Heute sind alle Cat-5 1Gb-tauglich. Viele schreiben aber immer noch Cat-5e dran, um damit eben zu betonen, dass die Kabel auch 1Gb-tauglich ist. Bei Dosen ist es das Gleiche. Aber da kannst du auch direkt Cat-6 nehmen (bei der Dose) - vom Preis her tut sich da kaum was.
Das Modem packst du gar nicht erst an im Idealfall.
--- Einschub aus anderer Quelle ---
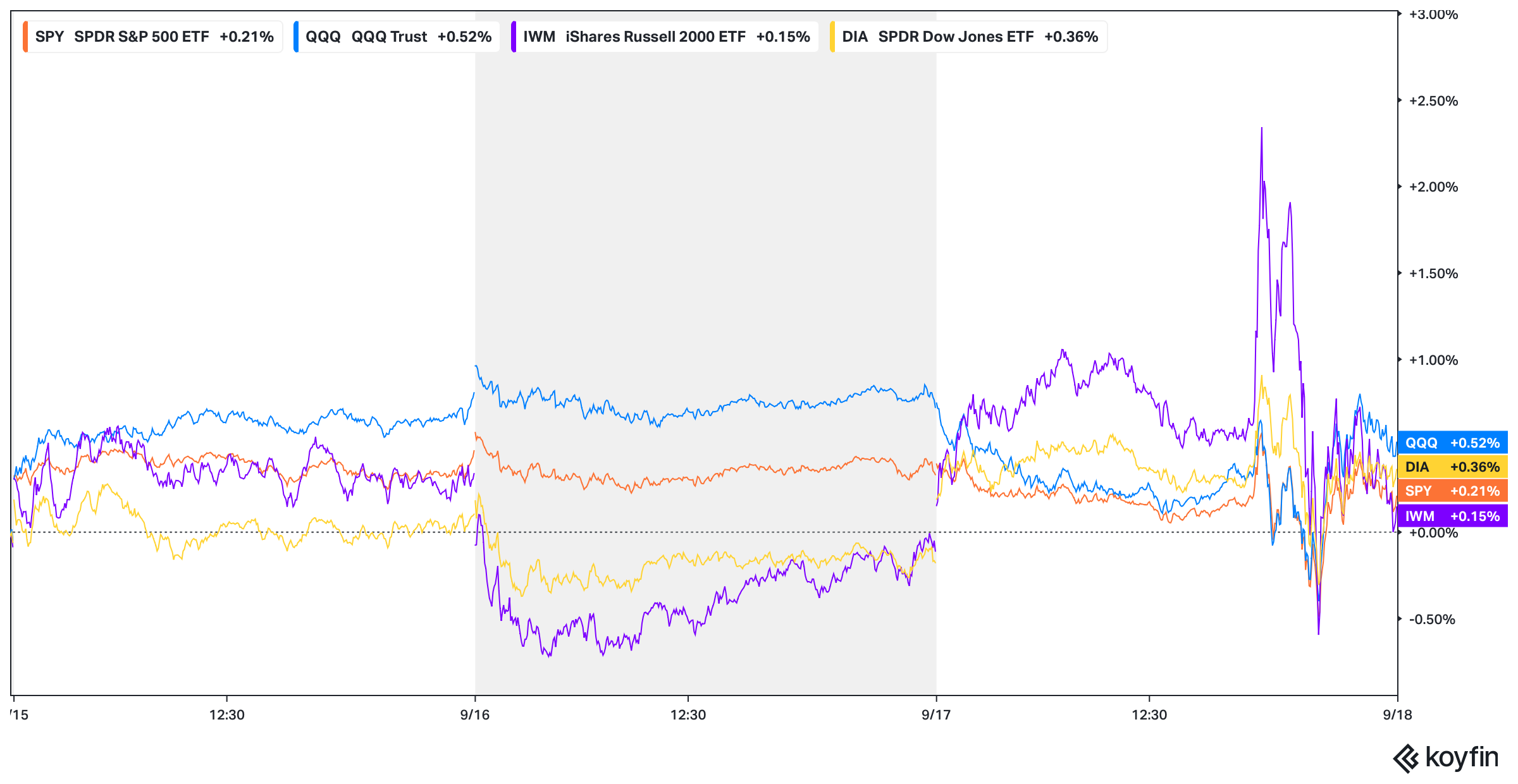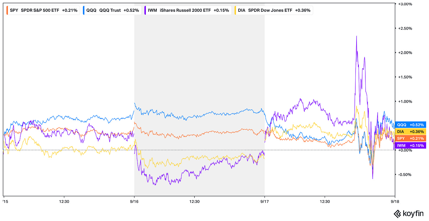 The long awaited FOMC meeting is finally out of the way (No surprises, 25bps & guided for 3-cuts into year-end & or an additional 50bps after today’s meeting) & despite the general event risks on the week, thus far, it’s been a relatively tame one with the Q’s being the best performing of the indices on the week, +52bps, whereas Small-caps have been the ‘worst’ performing of the indices yet still sit higher by 15bps on the week… the disappointment of the anticipated vol expansion continues as the recent & continued slow churn / grindy action persists.

Da hängt doch bestimmt der Router dran - an den stöpselst du dich ein. 

Nachtrag:
Was dann passiert, ist natürlich von der Einstellung des Routers abhängig.


----------



## Svenstihl2 (14. März 2012)

*AW: Cat6 oder Cat7 Netzwerk aufbauen Benötige Hilfe!*

Ok dan Bestelle ich 100m Cat5 und 4Cat5 dosen.

Also am modem hängt ein Router und da schliese ich ein kabel an wo zum Patchfeld geht und von da auf die einzelne Dosen verstehe ich das richtig?


----------



## OctoCore (14. März 2012)

*AW: Cat6 oder Cat7 Netzwerk aufbauen Benötige Hilfe!*

Eigentlich brauchst du kein Patchfeld.

PC ------>Dose EG------>Dose 2OG------>Router. Fertisch.


----------



## Svenstihl2 (14. März 2012)

*AW: Cat6 oder Cat7 Netzwerk aufbauen Benötige Hilfe!*



OctoCore schrieb:


> Eigentlich brauchst du kein Patchfeld.
> 
> PC ------>Dose EG------>Dose 2OG------>Router. Fertisch.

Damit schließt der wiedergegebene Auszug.